_Problem description_: Write out precisely the lines beginning with the line that contains "Mangels Handwerkerkapazitäten wurden" and ending with the last line of the entries, and no other lines.

_Entries taken from a collection_:
==========

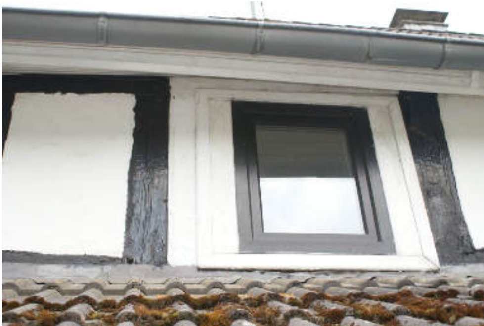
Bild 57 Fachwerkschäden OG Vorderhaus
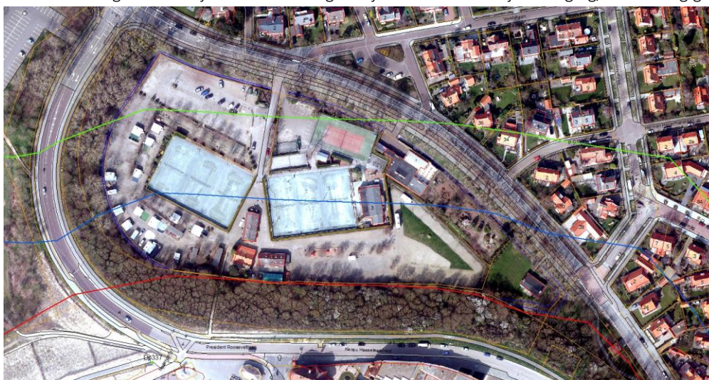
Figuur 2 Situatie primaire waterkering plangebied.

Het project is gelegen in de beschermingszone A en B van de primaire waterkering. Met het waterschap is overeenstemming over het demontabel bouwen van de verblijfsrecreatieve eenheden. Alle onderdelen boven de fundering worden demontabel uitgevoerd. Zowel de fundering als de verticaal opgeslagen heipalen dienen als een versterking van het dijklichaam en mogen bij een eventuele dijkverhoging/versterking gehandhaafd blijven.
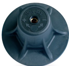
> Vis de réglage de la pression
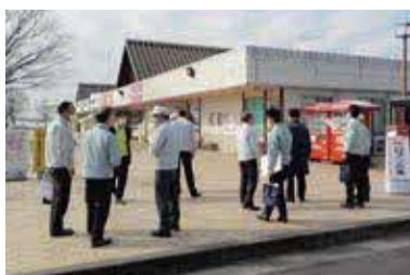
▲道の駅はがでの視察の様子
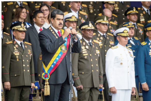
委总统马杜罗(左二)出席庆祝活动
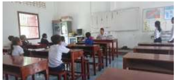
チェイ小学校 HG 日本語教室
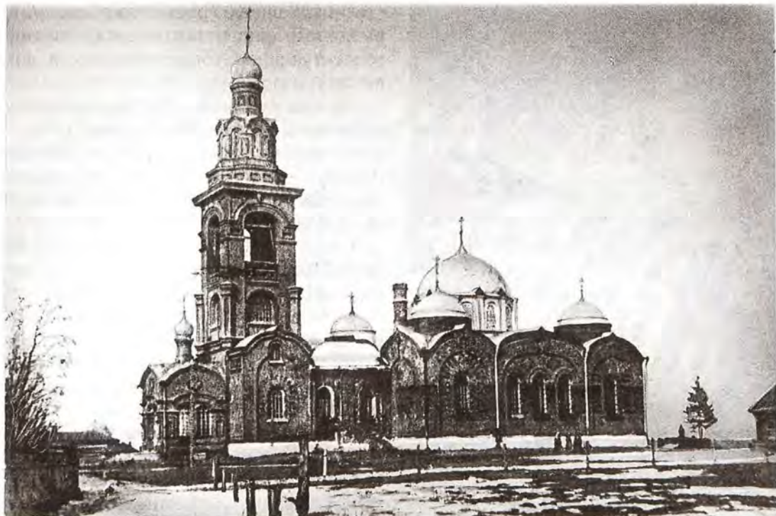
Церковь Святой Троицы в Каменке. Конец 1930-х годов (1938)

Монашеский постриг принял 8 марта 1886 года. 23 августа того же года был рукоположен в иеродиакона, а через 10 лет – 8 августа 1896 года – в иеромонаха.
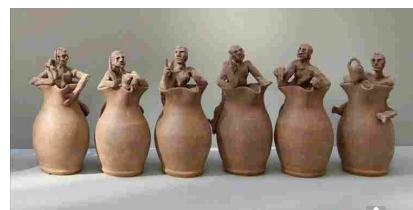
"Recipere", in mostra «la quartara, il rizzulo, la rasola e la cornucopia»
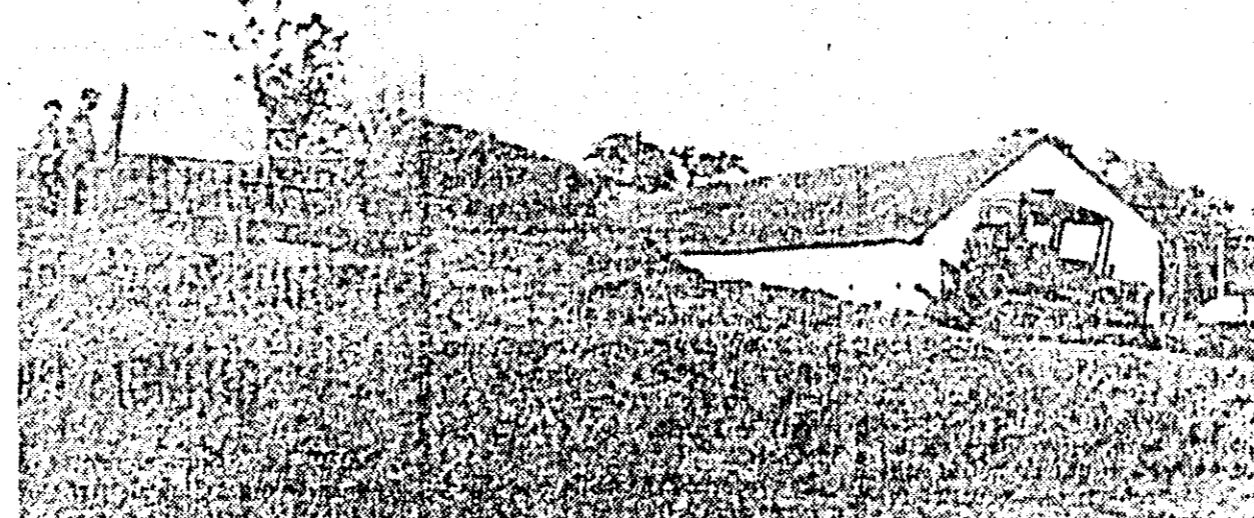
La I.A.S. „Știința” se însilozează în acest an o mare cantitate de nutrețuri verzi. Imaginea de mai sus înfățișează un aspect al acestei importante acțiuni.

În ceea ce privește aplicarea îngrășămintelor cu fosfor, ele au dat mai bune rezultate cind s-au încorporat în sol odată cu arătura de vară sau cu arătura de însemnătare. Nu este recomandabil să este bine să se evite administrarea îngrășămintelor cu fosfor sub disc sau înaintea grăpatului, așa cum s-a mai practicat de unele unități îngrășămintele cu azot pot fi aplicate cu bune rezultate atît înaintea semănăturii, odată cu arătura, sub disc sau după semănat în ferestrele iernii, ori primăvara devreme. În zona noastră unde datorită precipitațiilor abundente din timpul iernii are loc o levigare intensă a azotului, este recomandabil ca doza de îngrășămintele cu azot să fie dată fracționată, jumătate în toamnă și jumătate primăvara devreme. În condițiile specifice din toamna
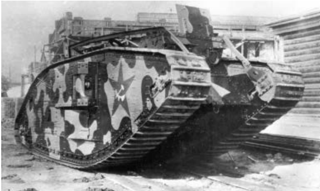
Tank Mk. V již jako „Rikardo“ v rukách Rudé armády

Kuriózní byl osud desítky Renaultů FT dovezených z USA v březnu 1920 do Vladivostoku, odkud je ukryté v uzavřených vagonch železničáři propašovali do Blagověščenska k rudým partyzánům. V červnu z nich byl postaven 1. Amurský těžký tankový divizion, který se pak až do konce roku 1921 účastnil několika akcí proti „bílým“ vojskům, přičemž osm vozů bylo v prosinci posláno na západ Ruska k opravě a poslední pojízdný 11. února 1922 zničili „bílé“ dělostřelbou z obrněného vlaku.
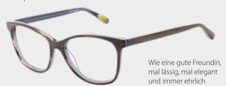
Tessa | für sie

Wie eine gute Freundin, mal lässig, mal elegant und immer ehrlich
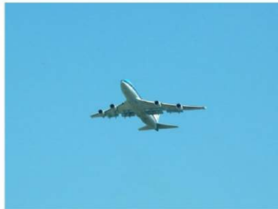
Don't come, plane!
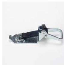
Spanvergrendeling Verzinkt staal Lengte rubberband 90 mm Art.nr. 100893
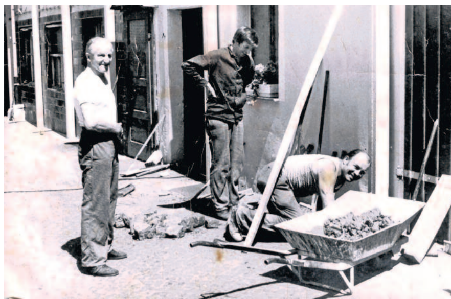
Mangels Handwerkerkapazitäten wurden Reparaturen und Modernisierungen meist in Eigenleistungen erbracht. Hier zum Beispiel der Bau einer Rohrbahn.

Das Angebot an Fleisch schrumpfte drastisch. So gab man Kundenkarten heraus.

==========

_Answer space_:
Mangels Handwerkerkapazitäten wurden Reparaturen und Modernisierungen meist in Eigenleistungen erbracht. Hier zum Beispiel der Bau einer Rohrbahn.

Das Angebot an Fleisch schrumpfte drastisch. So gab man Kundenkarten heraus.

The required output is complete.